How to complete this task: The expected result is a word-for-word copy of the entries, minus any pictures.

═══ Provided entries ═══

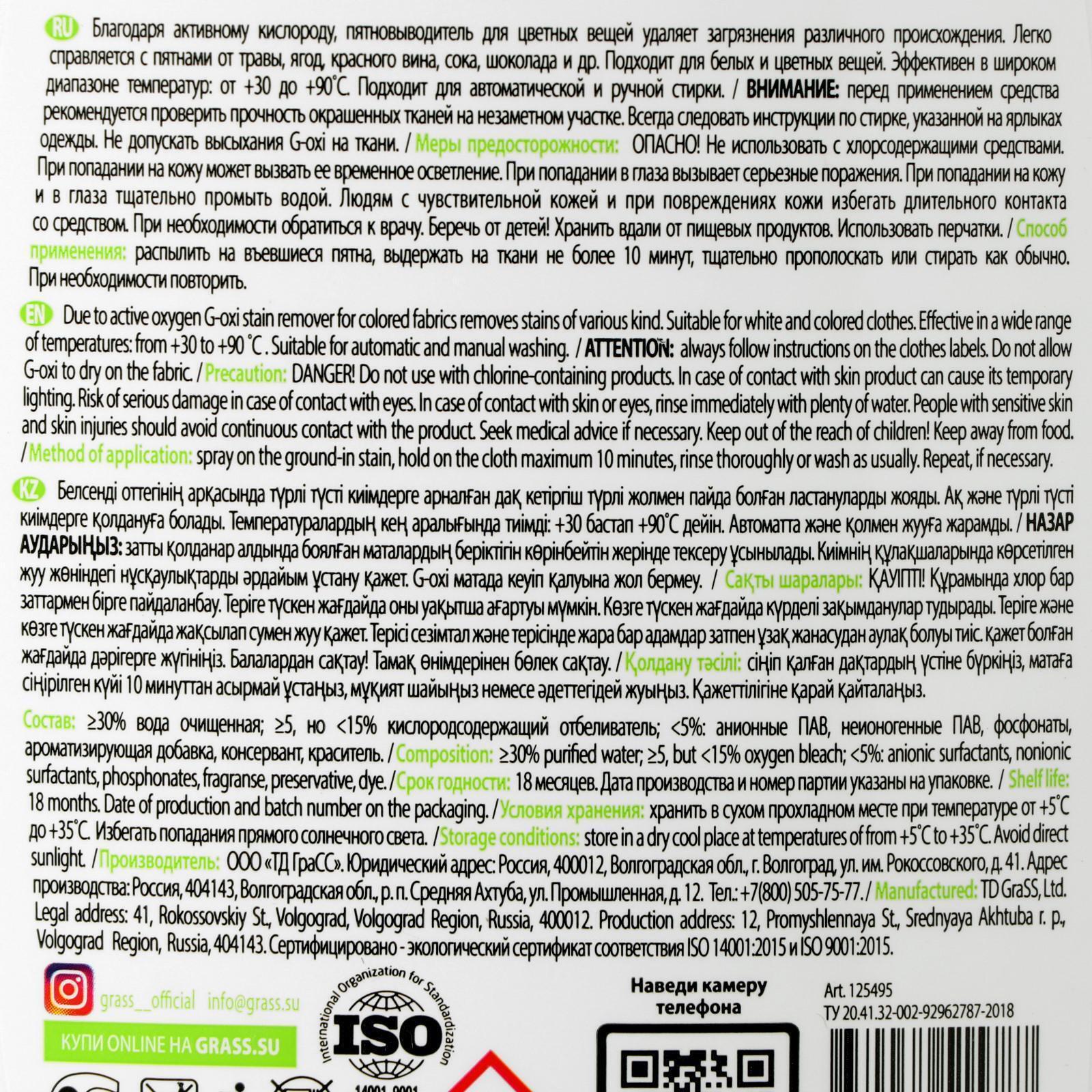 Пятновыводитель Grass G-oxi, спрей, для цветных вещей, кислородный, 600 мл
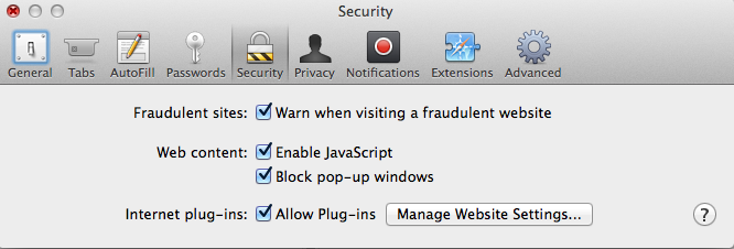 Security (tab) -> Internet plug-ins (Manage Website Settings)"
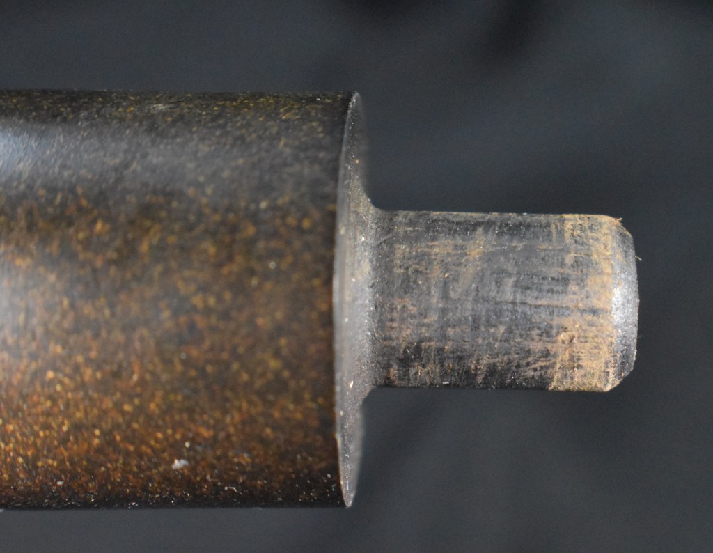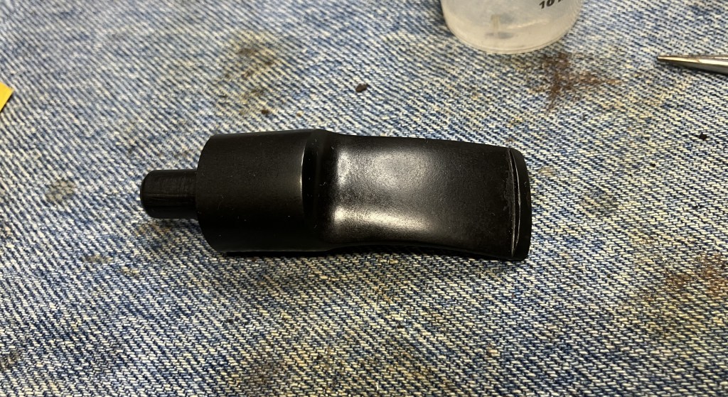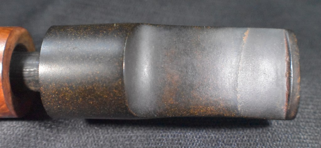 Back at the workbench the stem was rubbed with mineral oil on the outside and in the airway.  The color had returned to mostly black but the surface was rough and pitted.
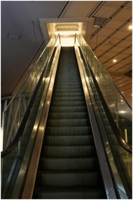 A dramatic upward view of an indoor escalator captured at night creating a sense of urban exploration.
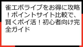 Block Smash(ブロックスマッシュ)でポイ活!ポイントサイト徹底比較ガイド Block Smash(ブロックスマッシュ)というゲームで、お得にポイ活を始めたいあなたへ、この記事は役立ちます。 ポイントサイトを活用して、ゲームを楽しみ...
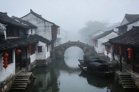 Fog is covering a river running through a village of traditional houses with an old stone bridge arching over it
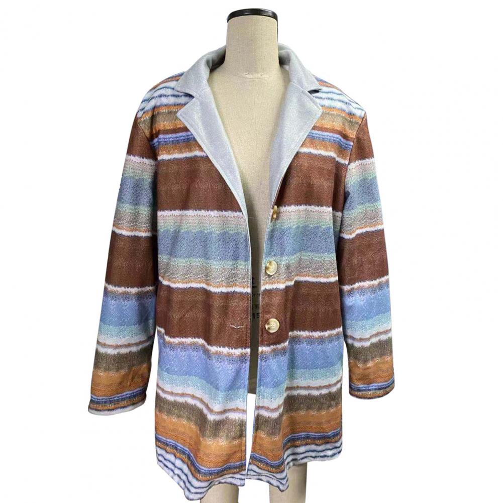 2021 стильное цветное Полосатое пальто средней длины, теплая, приятная на ощупь однобортная куртка с длинными рукавами для повседневной носки
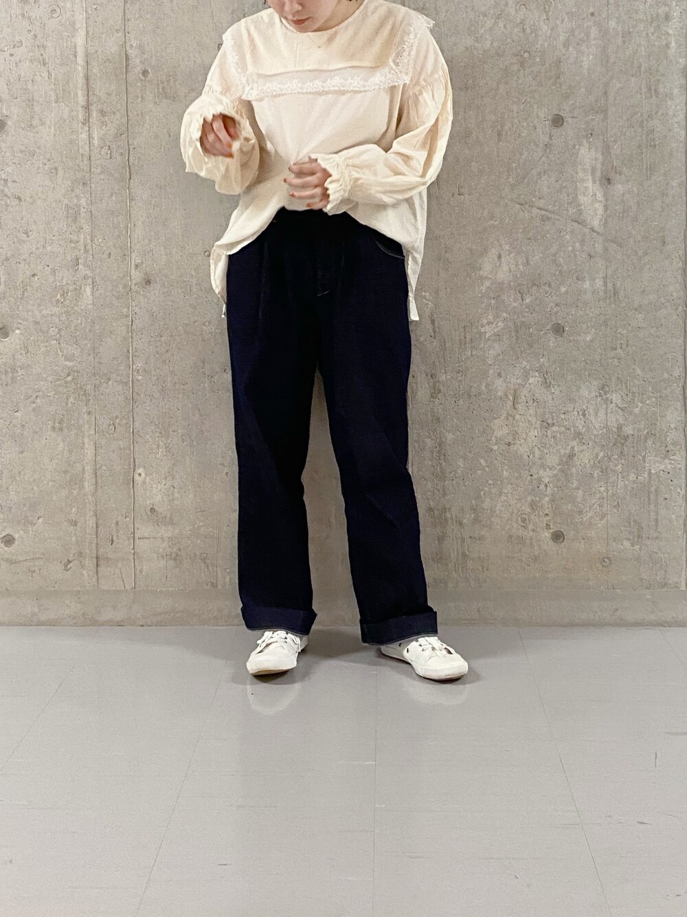 甘めブラウスとデニムの合わせ やっぱり可愛いよな〜🐏🐏

═══

Exercise response:
 Пятновыводитель Grass G-oxi, спрей, для цветных вещей, кислородный, 600 мл
 Security (tab) -> Internet plug-ins (Manage Website Settings)"
 Back at the workbench the stem was rubbed with mineral oil on the outside and in the airway.  The color had returned to mostly black but the surface was rough and pitted.
 A dramatic upward view of an indoor escalator captured at night creating a sense of urban exploration.
 Block Smash(ブロックスマッシュ)でポイ活!ポイントサイト徹底比較ガイド Block Smash(ブロックスマッシュ)というゲームで、お得にポイ活を始めたいあなたへ、この記事は役立ちます。 ポイントサイトを活用して、ゲームを楽しみ...
 Fog is covering a river running through a village of traditional houses with an old stone bridge arching over it
 2021 стильное цветное Полосатое пальто средней длины, теплая, приятная на ощупь однобортная куртка с длинными рукавами для повседневной носки
 甘めブラウスとデニムの合わせ やっぱり可愛いよな〜🐏🐏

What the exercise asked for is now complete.